[<prev] [next>] [<thread-prev] [thread-next>] [day] [month] [year] [list]
Message-ID: <20251208092744.32737-29-kprateek.nayak@amd.com>
Date: Mon, 8 Dec 2025 09:27:15 +0000
From: K Prateek Nayak <kprateek.nayak@....com>
To: Ingo Molnar <mingo@...hat.com>, Peter Zijlstra <peterz@...radead.org>,
Juri Lelli <juri.lelli@...hat.com>, Vincent Guittot
<vincent.guittot@...aro.org>, Anna-Maria Behnsen <anna-maria@...utronix.de>,
Frederic Weisbecker <frederic@...nel.org>, Thomas Gleixner
<tglx@...utronix.de>
CC: <linux-kernel@...r.kernel.org>, Dietmar Eggemann
<dietmar.eggemann@....com>, Steven Rostedt <rostedt@...dmis.org>, Ben Segall
<bsegall@...gle.com>, Mel Gorman <mgorman@...e.de>, Valentin Schneider
<vschneid@...hat.com>, K Prateek Nayak <kprateek.nayak@....com>, "Gautham R.
Shenoy" <gautham.shenoy@....com>, Swapnil Sapkal <swapnil.sapkal@....com>,
Shrikanth Hegde <sshegde@...ux.ibm.com>, Chen Yu <yu.c.chen@...el.com>
Subject: [RESEND RFC PATCH v2 29/29] [EXPERIMENTAL] sched/fair: Faster alternate for intra-NUMA newidle balance
Kernels that enable CONFIG_PREEMPTION only pull a single task during
newidle balance to keep the latency low. In standard newidle balance
path, the computation of busiest group, busiest rq, and then pulling
a single task from the busy rq adds a lot of overhead.
During the discussions at OSPM around overheads of load balancing, Peter
suggested trying out a different strategy for inter-NUMA newidle balance
with the goal of pulling a task as quickly as possible.

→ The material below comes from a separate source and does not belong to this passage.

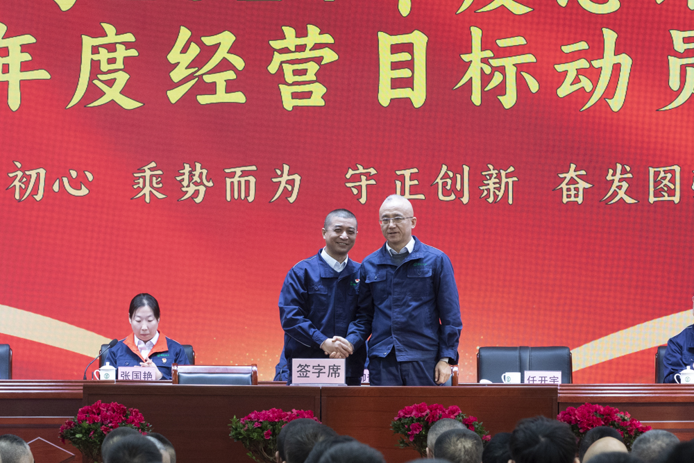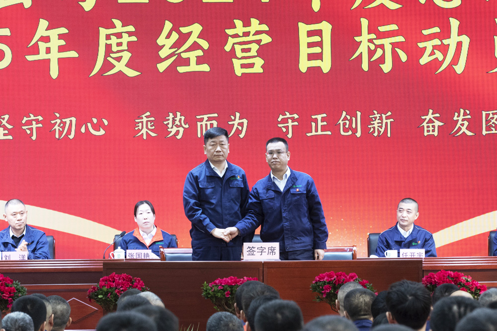 最后,杨柳青发表了重要讲话,对过去一年来取得的成绩给予充分肯定。他指出,2024年,我们走得很艰辛,有市场低迷的无奈,也有改革创新、攻坚克难的不易。在市场持续低迷的严峻形势下,全体干部员工精诚团结、迎难而上、主动担当,明确制度、人才、文化三大体系建设,突出强化管理主基调,推动安全、生产、经营等基础管理规范化、科学化,基本盘更加牢固,发展脚步更加扎实,圆满完成生产经营各项既定目标,保持了稳中有进、稳步提升。

Try out an alternative strategy of newidle balance of directry
traversing the CPUs in the sched domain to pull runnable tasks.
Signed-off-by: K Prateek Nayak <kprateek.nayak@....com>
---
kernel/sched/fair.c | 119 ++++++++++++++++++++++++++++++++++----------
1 file changed, 93 insertions(+), 26 deletions(-)
diff --git a/kernel/sched/fair.c b/kernel/sched/fair.c
index 46d33ab63336..aa2821a9b800 100644
--- a/kernel/sched/fair.c
+++ b/kernel/sched/fair.c
@@ -11701,6 +11701,11 @@ static int need_active_balance(struct lb_env *env)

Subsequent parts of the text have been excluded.